Jan Vercruysse: Camera Oscura
May 23 - July 27, 2002

 

cam-era ob-scu-ra, \ n. [NL, lit., dark chamber] (1725) : a darkened enclosure having an aperture usu. provided with a lens through which light from external objects enters to form an upside-down image of the objects on the opposite surface.

If there is a sense of quiet and isolation within the compositions of Jan Vercruysse, it could be said that they are also viewed best when in that mood. As seen in both the objects and photographs the artist has produced over time, an emphasis has been placed on the suppression of any personal interaction with the works he creates. Instead, Vercruysse focuses on setting, using a personal style of anonymity which, as a pattern felt throughout his work, forces the various aspects of what one might see to flatten and loose their individual importance. This happens slowly through the use of repetition and non-chalance. The variations within the scenes Vercruysse creates can be as subtle as the changing light of day, and so these visual shifts are not always apparent at any one moment. Instead, they tend to lay beneath the veil of the picture's surface, waiting to be slowly discovered.

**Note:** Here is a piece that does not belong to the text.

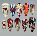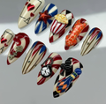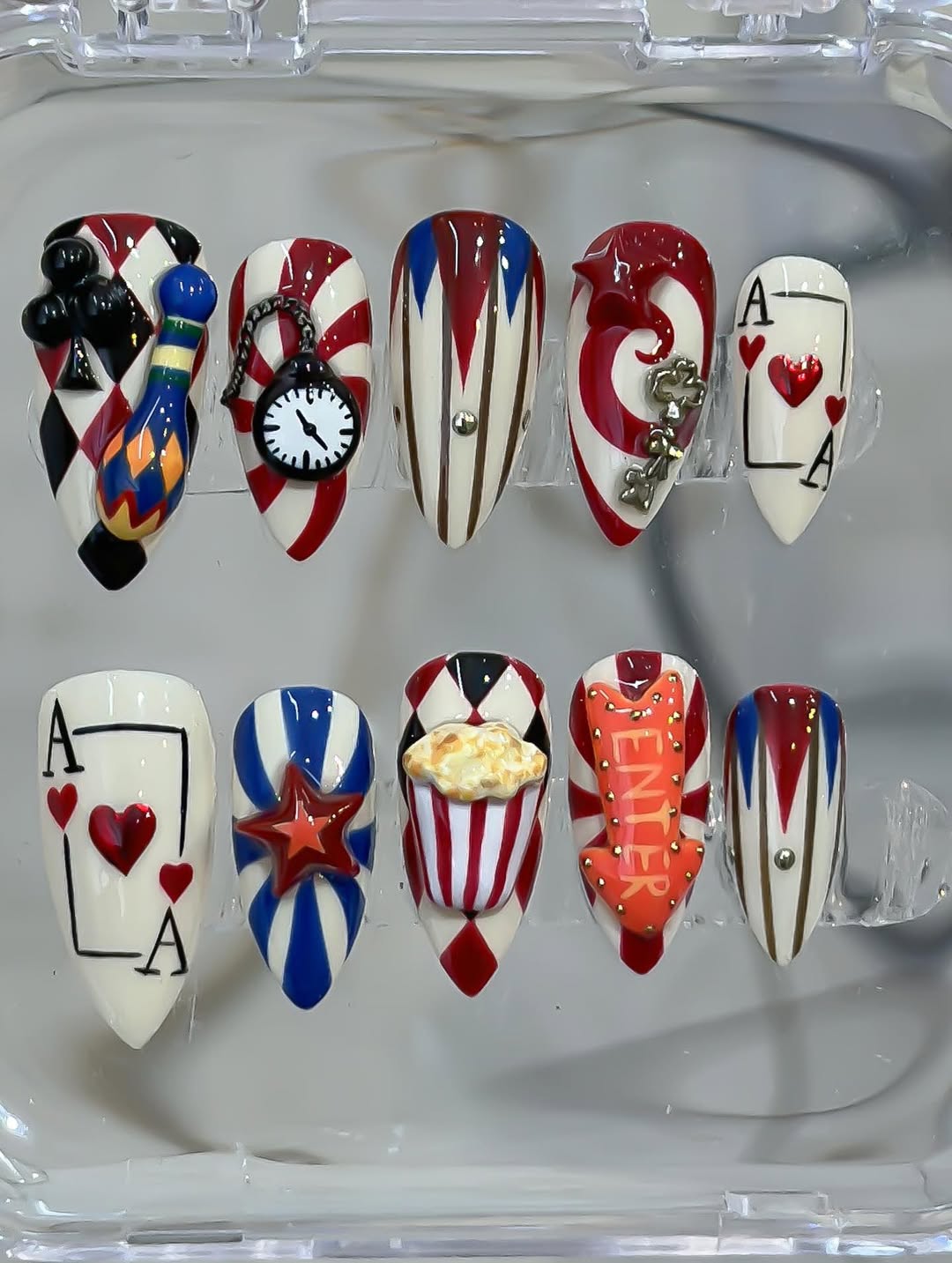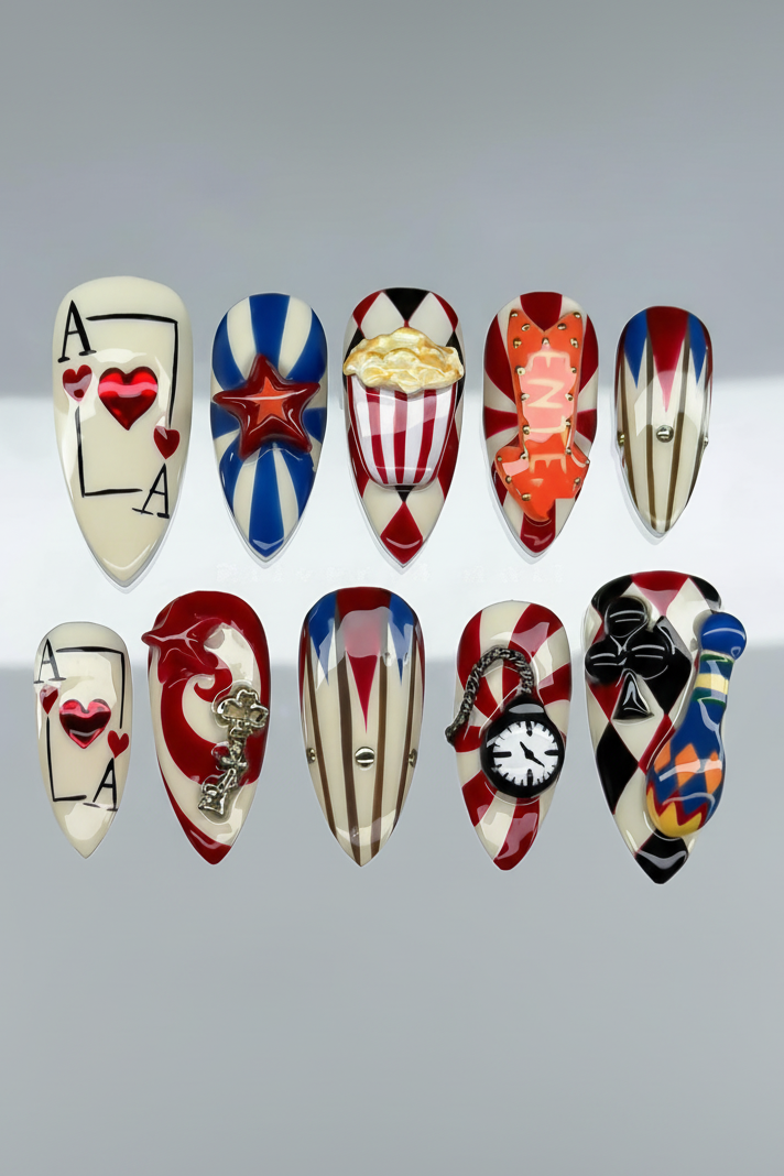 This playful short press-on set features a nostalgic palette of ivory cream, carnival red, and bold royal blue. The design is meticulously detailed with hand-painted circus stripes, diamond harlequin patterns, and vintage card motifs. Striking 3D charms, including a miniature popcorn bucket, a golden "Enter" sign, and a classic pocket watch, are integrated to provide whimsical structural depth. The overall aesthetic masterfully fuses Retro Americana charm with a creative Pop-Art flair, transforming each fingertip into a wearable attraction. These vibrant details and durable finishes make them perfect for themed parties, creative photoshoots, or adding a bold, joyful statement to your everyday look.

With this exhibition, a new set of allegories has been introduced. Moving beyond his earlier references to such subjects as Lucrecia, and the notion of Artist itself, Vercruysse has adopted icons of art, both creators, or more specifically performers, and that which is created. The compositions borrow ballerinas, tuba players, and even Josephine Baker, muse of Paris' Golden Age of Jazz. On a deeper level, art itself is represented: Duchamp's Bottle Rack, a princess from Velazquez's Las Meninas, a classical Italian Harlequin, and Alice (looking like she has somehow lost Wonderland).

In each of these pictures, the idea of the character appears true to itself, despite being plucked from its' original context. Additionally, each artistic allegory is accompanied by its strange doppelganger. In a play on the drawing technique used by some predecessors like Vermeer, Vercruysse has applied the visual effect of the Camera Obscura. An antique drawing tool, the Camera Obscura would reflect an image onto an artist's canvas, so that he might copy the reflected image, albeit upside down. However, Vercruysse has only inverted the figures from these scenes, not the entire scenes themselves. In a sense, this strips the second figures from any semblance of what they used to mean, for the inverted symbol, or opposite of a symbol, is to represent nothing at all. By coupling both together, the symbol and its negation, we are allowed to simultaneously be both the viewer and the viewed of these figures, to see sense and non-sense. What we are left with is not an underlying narrative, per se, but a delicately composed exploration of dissimilitude.